=== EXERCISE DATA ===
>>>

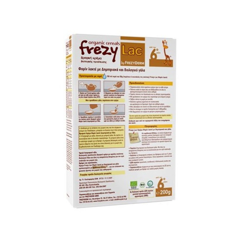 Frezylac Organic Cereal Farine Lactee is a baby cream with organic cereal, organic milk and Bifidobacteria (B. breve, B. bifidum, B. infantis, B. longum).
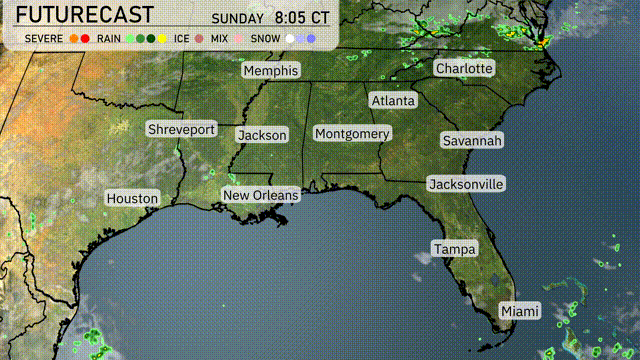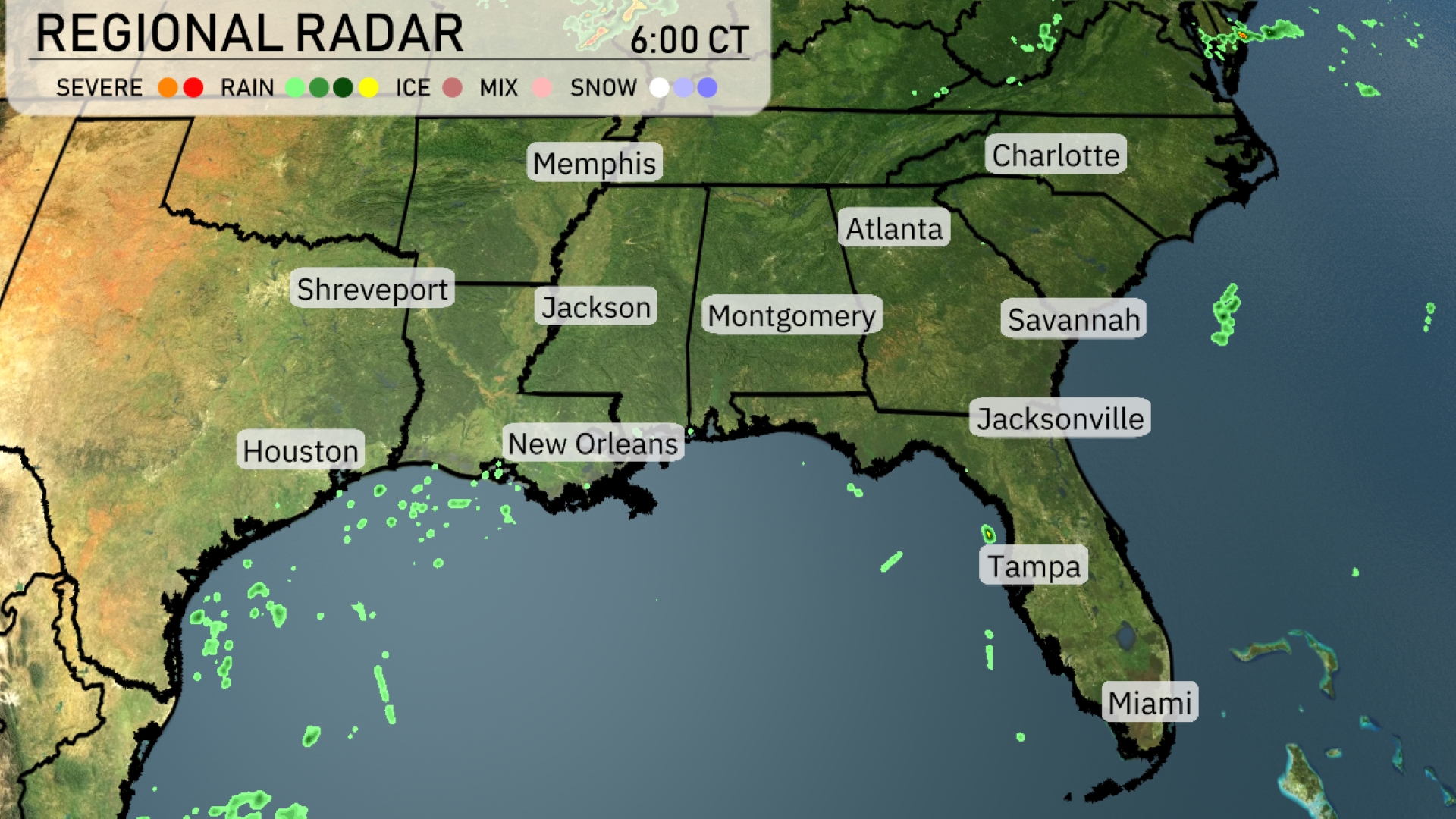The radar shows clear skies across much of the Southeast, with scattered showers detected over the Gulf waters near New Orleans, which may bring some light rain along the coastal areas. Memphis and Atlanta remain dry under clear conditions, enjoying a sunny day. Jacksonville and Miami are experiencing some patchy clouds, but no significant precipitation is expected. Charlotte and the surrounding Carolinas continue to enjoy clear and calm weather.
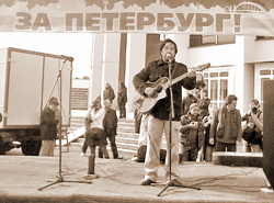 Тон митингу был задан музыкой. Началось с Высоцкого – его песни очень любит исполнять Михаил Новицкий (по совместительству один из лидеров движения «Зеленая волна», занимающегося охраной скверов, парков, аллей и пригородных зеленых массивов) с группой «СПБабай». Потом на сцене появился Юрий Шевчук со знакомым не одному поколению: «Ты не дай мне сейчас закатать рукава…»
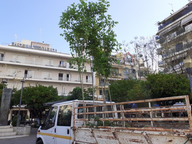 Το πρωί, συνεργεία της Διεύθυνσης Περιβάλλοντος και Πρασίνου, αντικατέστησαν τα δένδρα που είχαν καταστραφεί στην πλατεία Δημοκρατίας.

<<<

=== WORK ITEM ===
Would you retype each line above exactly and skip every image?

=== ANSWER TO THIS PROBLEM ===
 Frezylac Organic Cereal Farine Lactee is a baby cream with organic cereal, organic milk and Bifidobacteria (B. breve, B. bifidum, B. infantis, B. longum).
The radar shows clear skies across much of the Southeast, with scattered showers detected over the Gulf waters near New Orleans, which may bring some light rain along the coastal areas. Memphis and Atlanta remain dry under clear conditions, enjoying a sunny day. Jacksonville and Miami are experiencing some patchy clouds, but no significant precipitation is expected. Charlotte and the surrounding Carolinas continue to enjoy clear and calm weather.
 Тон митингу был задан музыкой. Началось с Высоцкого – его песни очень любит исполнять Михаил Новицкий (по совместительству один из лидеров движения «Зеленая волна», занимающегося охраной скверов, парков, аллей и пригородных зеленых массивов) с группой «СПБабай». Потом на сцене появился Юрий Шевчук со знакомым не одному поколению: «Ты не дай мне сейчас закатать рукава…»
 Το πρωί, συνεργεία της Διεύθυνσης Περιβάλλοντος και Πρασίνου, αντικατέστησαν τα δένδρα που είχαν καταστραφεί στην πλατεία Δημοκρατίας.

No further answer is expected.